Futuristic Use Cases For 6G And Smart Cities
My second visit in Tokyo was to NTT’s mobile network operations division, Docomo. Docomo is an abbreviation for the company’s mantra of “Doing communications over the mobile network.” It’s a clever anagram, but what I found more creative was the MNO’s focus on innovative use cases that promise to get the most out of current 5G and next-generation 6G communications.

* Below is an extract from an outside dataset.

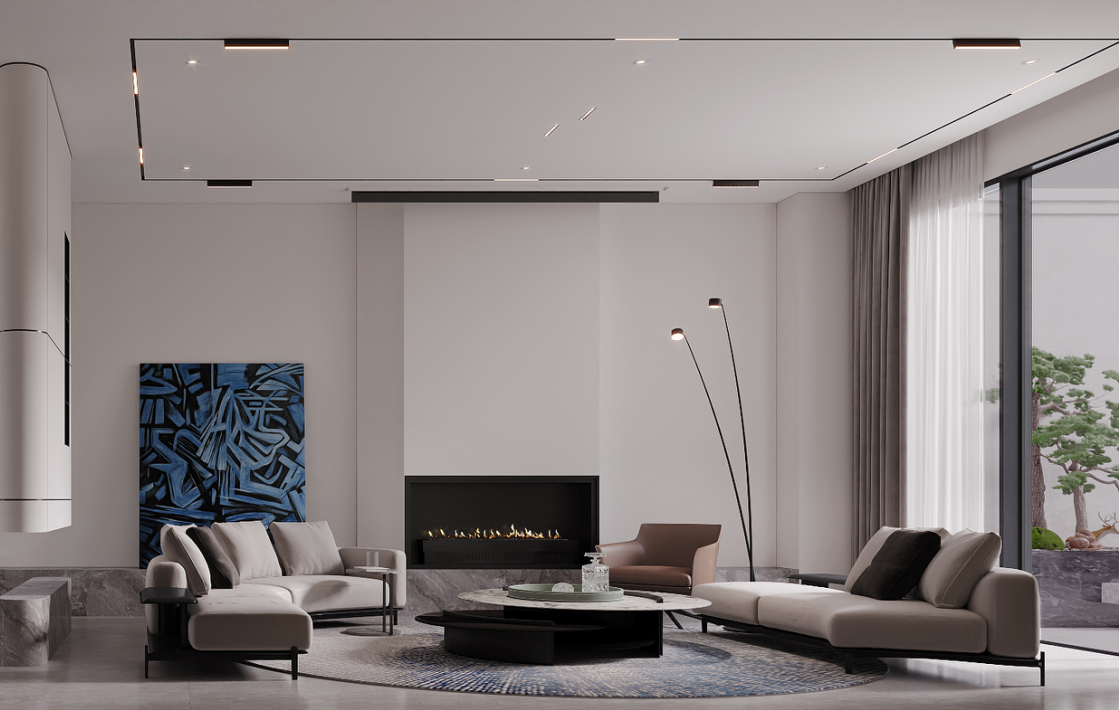 整體空間通常以白色、灰色、黑色等中性色調(diào)為主調(diào)。白色的墻面、灰色的沙發(fā)與地毯、黑色的金屬燈具與拉手……偶爾,也會融入一些低飽和度的木色元素,如淺橡木色的地板或胡桃木色的茶幾,為這清冷的色調(diào)世界注入一絲自然的溫暖與生機(jī),讓空間更具親和力與生活氣息。

At its beautiful headquarters that tower above the Tokyo skyline, Docomo team members demonstrated several use cases to our small eclectic group, which included a technology analyst (me), a cheeky British freelance journalist (my friend Adrian Bridgwater) and an AI healthcare entrepreneur (Siraj Raval). The demonstrations included Docomo’s vision for 6G and human augmentation, mixed reality and metaverse applications and tactile fine-motor-skill transfer technology. The latter is especially mind-blowing. Using connected biometric sensors that are not skin-penetrating, Raval was able to trigger physical movement, raising and lowering one of the Docomo employee’s arms and hands in a blinded demonstration. The applications could be limitless, especially in augmenting humans and machines in industrial and healthcare settings.

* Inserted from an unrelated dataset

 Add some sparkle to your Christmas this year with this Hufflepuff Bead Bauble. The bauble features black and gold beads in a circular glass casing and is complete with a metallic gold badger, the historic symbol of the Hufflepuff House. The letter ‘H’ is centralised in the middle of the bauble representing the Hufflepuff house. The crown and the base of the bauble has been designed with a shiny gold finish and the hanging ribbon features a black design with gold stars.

My third and final visit was to NTT’s e-City Labo. The smart city lab has three stated objectives: facilitate sustainable industrial development and regional economic growth, create regional vitality and collaboration opportunities, and deliver promising safety and security services. Three use cases stood out for me: (1) creating a drone platform that’s purpose-built for agricultural surveying and pesticide application; (2) high-tech automated agricultural cultivation and biogas production; and (3) non-invasive glucose and biorhythm monitoring and adjustment. These use cases automate tasks and harness cellular technology, thus lowering the technical bar required to deploy and manage them. Our tour guide stressed that many of Japan’s younger generation are uninterested in farming and ranching. Thus, combining cellular connectivity, IoT sensors and high-resolution smart cameras equipped with computer vision seems like an important direction for the future of Japanese agricultural sustainability.
Wrapping Up
The NTT R&D Forum opened my eyes to the many things that the company is doing beyond telecommunications and IT infrastructure. Through its research efforts, the company is poised to facilitate the disruption of many industries. NTT may be one of the best-kept secrets in tech today, but I suspect that if it is successful in its many endeavors, that will decidedly change.